Vi no programa Gazeta Alerta de hoje uma matéria curiosa em que uma educadora do Instituto São José comentava a "importância da educação sobre a Copa do Mundo" para compreender esse momento de "confraternização entre as nações".
Muito importante, de fato.
Como ao invés de "confraternização" interna temos violência e péssima qualidade da educação (como se vê), projetar nossas necessidades nos outros, ou seja, no exterior, ajudará muito - na eliminação da pobreza, por exemplo.

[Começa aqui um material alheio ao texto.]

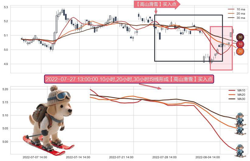 ⚀ 2022-07-14 14:00:00小时-2022-08-08 14:00:00小时显现 10小时-20小时-30小时均线 【高山滑雪】买入点 看多信号,后市看涨,买入

Transcrevo a seguir um texto da filósofa Marilena Chauí sobre a origem e a função social desse tipo de alienação criada pela Ditadura Militar e que se chama verde-amarelismo (clique para saber mais). É o tipo de mito perfeito para sociedades com larga tradição de paternalismo estatal:
Na escola, todos nós aprendemos o significado da bandeira brasileira: o retângulo verde simboliza nossas matas e riquezas florestais, o losango amarelo simboliza nosso ouro e nossas riquezas minerais, o círculo azul estrelado simboliza nosso céu, onde brilha o Cruzeiro do Sul, indicando que nascemos abençoados por Deus, e a faixa branca simboliza o que somos: um povo ordeiro
Sabemos todos que somos um povo novo, formado pela mistura de três raças valorosas: os corajosos índios, os estóicos negros e os bravos e sentimentais lusitanos. Quem de nós ignora que da mestiçagem nasceu o samba, no qual se exprimem a energia índia, o ritmo negro e a melancolia portuguesa? Quem não sabe que a mestiçagem é responsável por nossa ginga, inconfundível marca dos campeões mundiais de futebol? Há quem não saiba que, por sermos mestiços, desconhecemos preconceito de raça, cor, credo e classe? Afinal, Nossa Senhora, quando escolheu ser nossa padroeira, não apareceu negra?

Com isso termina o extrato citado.